You are a helpful, factual, and concise assistant. 
Always try to answer the user's question clearly and completely. 
Do not make up information. If you are unsure or lack the knowledge, say so.

Message structure

The message structure for Non-RAG setting is the same as RAG setting.


Evaluation Method

We use Verify, a hallucination detection tool built by kluster.ai, to classify model outputs:

  • In the RAG setting, Verify checks if the output contradicts, fabricates, or strays from the input document.
  • In the real-world knowledge setting, Verify uses search queries to fact-check the answer based on current, public information.

Each model's hallucination rate is computed as:

Hallucination Rate = (Number of hallucinated outputs) / (Total number of prompts)

A lower hallucination rate indicates better performance.


Example of Hallucination Detection

RAG Example

Context

Jonathan Stark (born April 3, 1971) is a former professional tennis player from the United States. 
During his career he won two Grand Slam doubles titles (the 1994 French Open Men's Doubles and 
the 1995 Wimbledon Championships Mixed Doubles).

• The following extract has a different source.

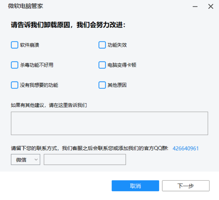 但是,仍然有一个用于填表的界面, 您可以选择下一步而不选中选中。 选择下一步并直接卸载它 。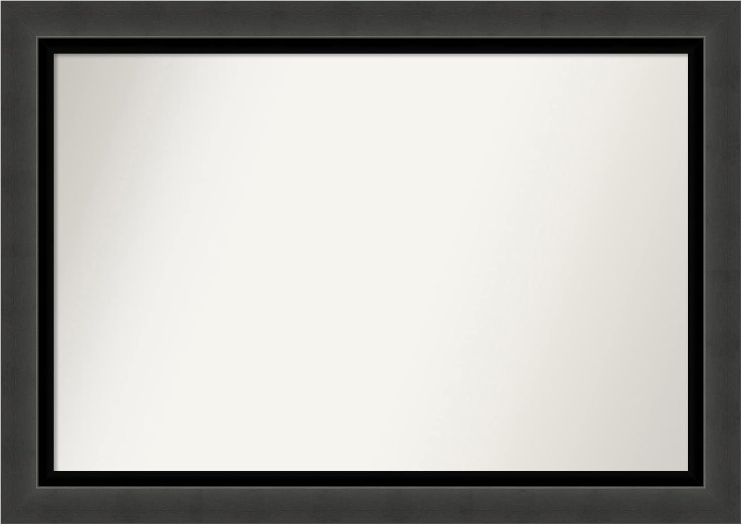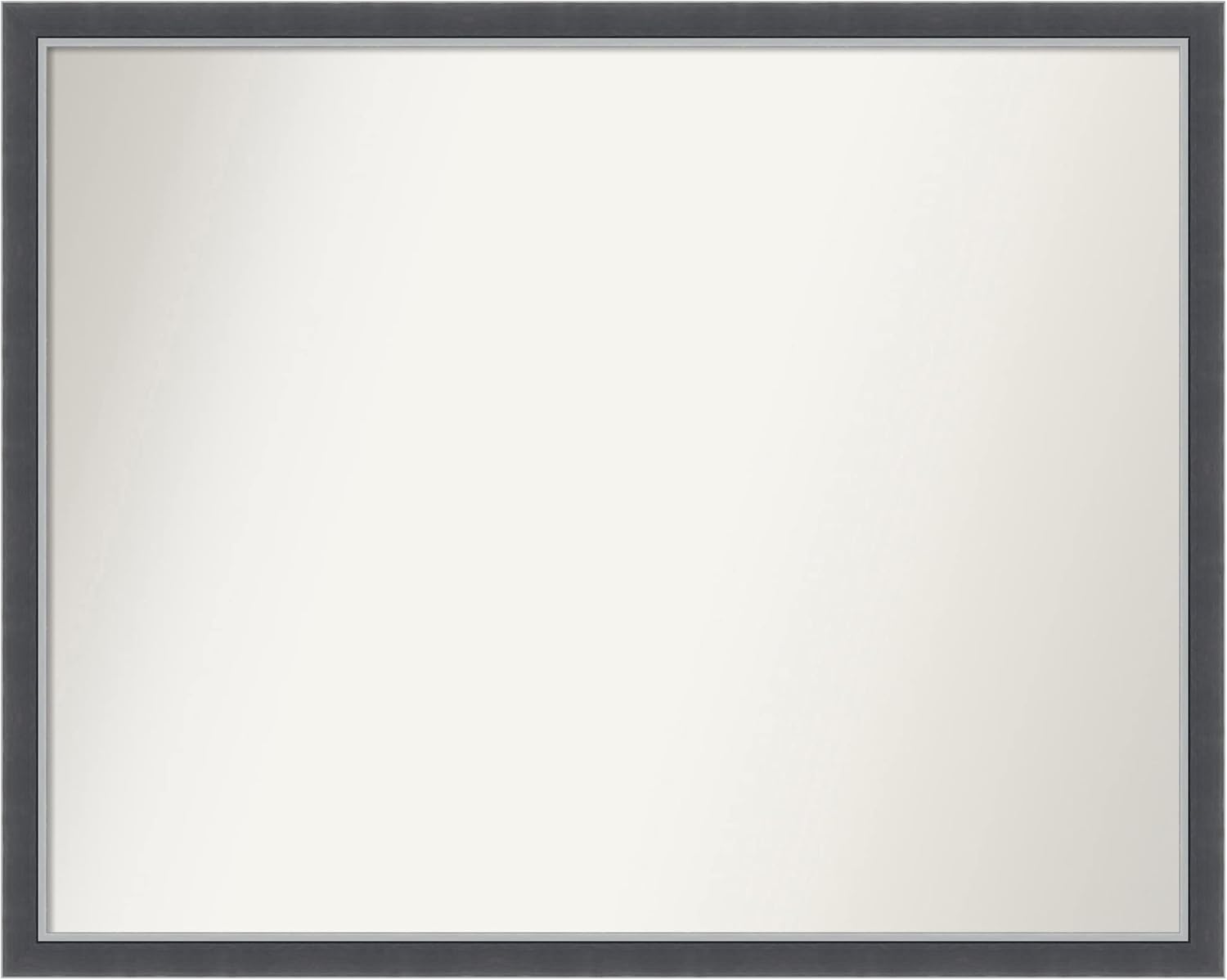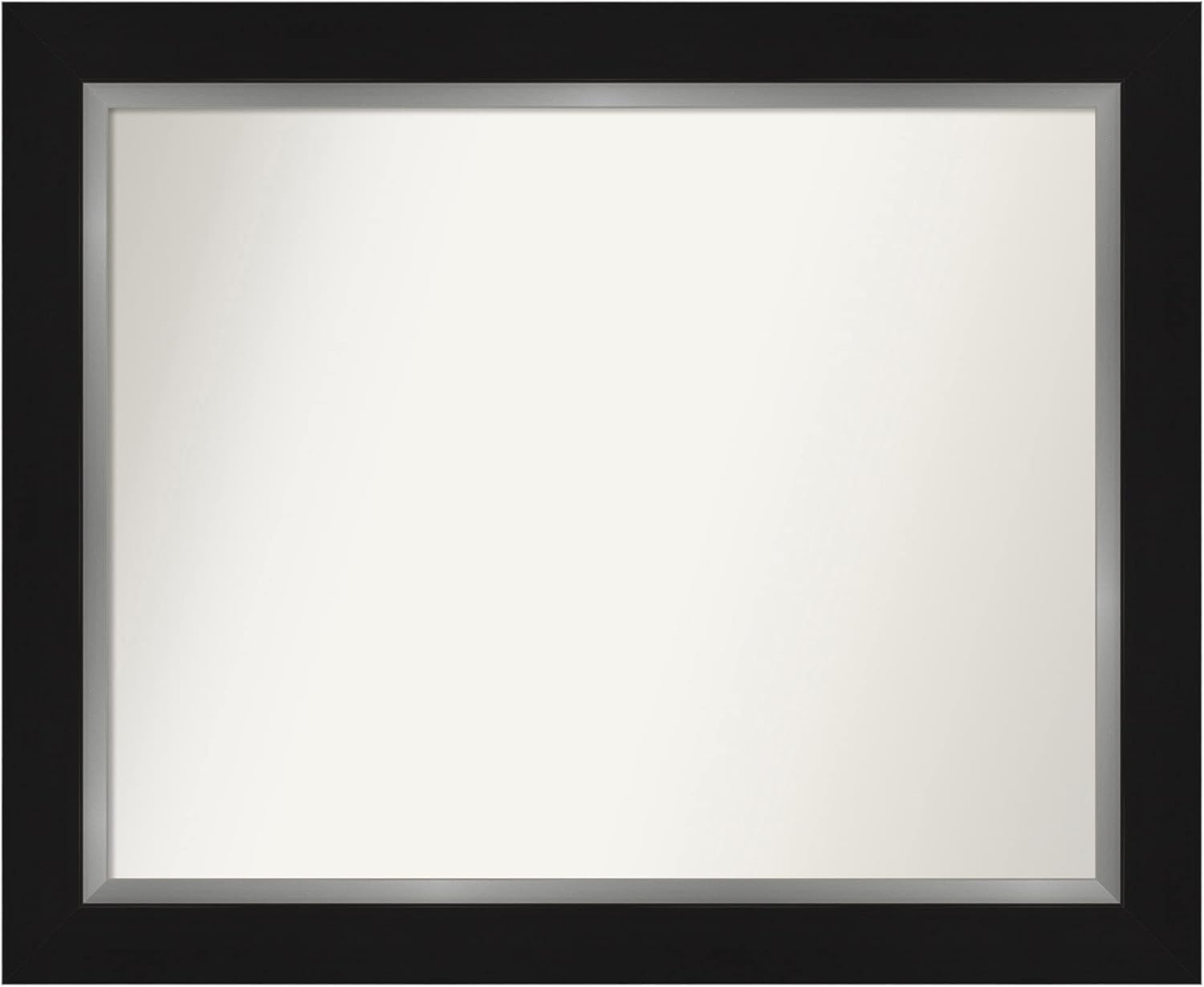 PRODUCT: Amanti Art Non-Beveled Bathroom Wall Mirror; OUTER SIZE: 24 x 30 inches; FRAME: Colonial Black 3"; FRAME FINISH: Satin; FRAME COLOR: Black. The Colonial Black frame features a classic black frame with satin finish and a deep scooped profile with a slight step. The outside edge features a scalloped profile. Give your bathroom the finishing touch with this framed wall mirror. Individually made using traditional custom framing techniques, it has the quality you would expect from your local frame shop. It holds its value with premium finishing that can be appreciated up close. Because of our attention to detail and focus on artistry, architects, interior designers, and homeowners alike choose this mirror to create beautiful living spaces.

He reached the men's singles final at the French Open in 1988, 
won the French Open men's doubles title in 1984, and helped France win the Davis Cup in 1991.

Prompt

Which tennis player won more Grand Slam titles, Henri Leconte or Jonathan Stark?

LLM Answer

Jonathan Stark won two Grand Slam titles, while Henri Leconte won four. 
Therefore, Henri Leconte won more Grand Slam titles.

Verify Label

Hallucination: Yes

Verify Response

The answer introduces new information about Henri Leconte's Grand Slam titles, 
which is not present in the document.

Non-RAG Example

Prompt

What are the ingredients that made the most expensive donut so expensive?

LLM Answer

The most expensive donut, called "The Golden Donut," was made expensive by several factors:

24-karat gold leaf: Used for decoration.

Verify Label

Hallucination: No

Verify Response

The response mentions 'The Golden Donut' and states that it was made expensive by several factors, 
including 24-karat gold leaf used for decoration. The search results provide information about expensive donuts, 
including one called 'The Golden Donut' or similar names, which are associated with luxurious ingredients 
like 24-karat gold and Cristal champagne. The response correctly identifies 24-karat gold leaf as 
a factor contributing to the donut's expensiveness, which is supported by multiple search results. 
While the response simplifies the information, it does not introduce factually incorrect 
or fabricated details about the donut's ingredients.